Search through the entries for the word "from" and copy every line that has it.

**The data**
+++

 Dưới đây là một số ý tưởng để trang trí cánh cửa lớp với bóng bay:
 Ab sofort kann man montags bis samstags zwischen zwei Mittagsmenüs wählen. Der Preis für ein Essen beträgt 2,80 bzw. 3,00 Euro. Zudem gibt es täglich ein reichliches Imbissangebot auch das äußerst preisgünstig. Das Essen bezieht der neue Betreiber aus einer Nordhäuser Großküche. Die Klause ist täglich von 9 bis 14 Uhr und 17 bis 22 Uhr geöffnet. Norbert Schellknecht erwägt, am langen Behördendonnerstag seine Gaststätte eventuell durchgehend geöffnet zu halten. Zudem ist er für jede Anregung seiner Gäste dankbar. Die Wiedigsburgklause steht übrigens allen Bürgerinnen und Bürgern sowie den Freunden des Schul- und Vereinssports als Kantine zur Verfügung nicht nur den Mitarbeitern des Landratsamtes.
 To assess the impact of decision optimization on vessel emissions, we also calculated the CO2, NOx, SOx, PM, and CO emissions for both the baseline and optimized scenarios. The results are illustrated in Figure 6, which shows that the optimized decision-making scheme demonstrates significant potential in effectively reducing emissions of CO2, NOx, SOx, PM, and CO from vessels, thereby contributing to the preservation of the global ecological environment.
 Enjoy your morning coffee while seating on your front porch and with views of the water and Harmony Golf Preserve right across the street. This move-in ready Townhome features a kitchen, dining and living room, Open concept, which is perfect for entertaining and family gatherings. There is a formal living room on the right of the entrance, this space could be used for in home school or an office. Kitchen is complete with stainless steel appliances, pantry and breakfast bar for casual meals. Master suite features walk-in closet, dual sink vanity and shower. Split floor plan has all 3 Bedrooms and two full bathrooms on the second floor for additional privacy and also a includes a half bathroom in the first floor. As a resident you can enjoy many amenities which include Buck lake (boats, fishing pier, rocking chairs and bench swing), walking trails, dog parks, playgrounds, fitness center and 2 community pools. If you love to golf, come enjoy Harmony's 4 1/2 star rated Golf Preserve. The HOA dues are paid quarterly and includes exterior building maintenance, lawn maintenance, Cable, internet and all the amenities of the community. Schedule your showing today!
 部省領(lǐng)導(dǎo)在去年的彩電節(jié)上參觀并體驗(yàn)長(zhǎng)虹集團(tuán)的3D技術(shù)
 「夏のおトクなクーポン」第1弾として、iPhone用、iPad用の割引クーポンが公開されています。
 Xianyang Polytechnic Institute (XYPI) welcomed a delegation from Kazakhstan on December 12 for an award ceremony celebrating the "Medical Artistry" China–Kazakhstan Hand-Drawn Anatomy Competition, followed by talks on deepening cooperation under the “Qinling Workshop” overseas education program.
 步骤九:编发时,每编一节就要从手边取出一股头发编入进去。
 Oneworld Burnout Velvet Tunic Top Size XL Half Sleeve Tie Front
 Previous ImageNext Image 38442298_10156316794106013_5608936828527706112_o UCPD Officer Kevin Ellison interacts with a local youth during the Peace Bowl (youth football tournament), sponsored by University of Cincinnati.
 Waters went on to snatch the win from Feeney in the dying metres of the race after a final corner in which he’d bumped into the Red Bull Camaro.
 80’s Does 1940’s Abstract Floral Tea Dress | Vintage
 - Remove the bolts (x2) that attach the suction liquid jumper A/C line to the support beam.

+++

**Response to the exercise**
 To assess the impact of decision optimization on vessel emissions, we also calculated the CO2, NOx, SOx, PM, and CO emissions for both the baseline and optimized scenarios. The results are illustrated in Figure 6, which shows that the optimized decision-making scheme demonstrates significant potential in effectively reducing emissions of CO2, NOx, SOx, PM, and CO from vessels, thereby contributing to the preservation of the global ecological environment.
 Xianyang Polytechnic Institute (XYPI) welcomed a delegation from Kazakhstan on December 12 for an award ceremony celebrating the "Medical Artistry" China–Kazakhstan Hand-Drawn Anatomy Competition, followed by talks on deepening cooperation under the “Qinling Workshop” overseas education program.
 Waters went on to snatch the win from Feeney in the dying metres of the race after a final corner in which he’d bumped into the Red Bull Camaro.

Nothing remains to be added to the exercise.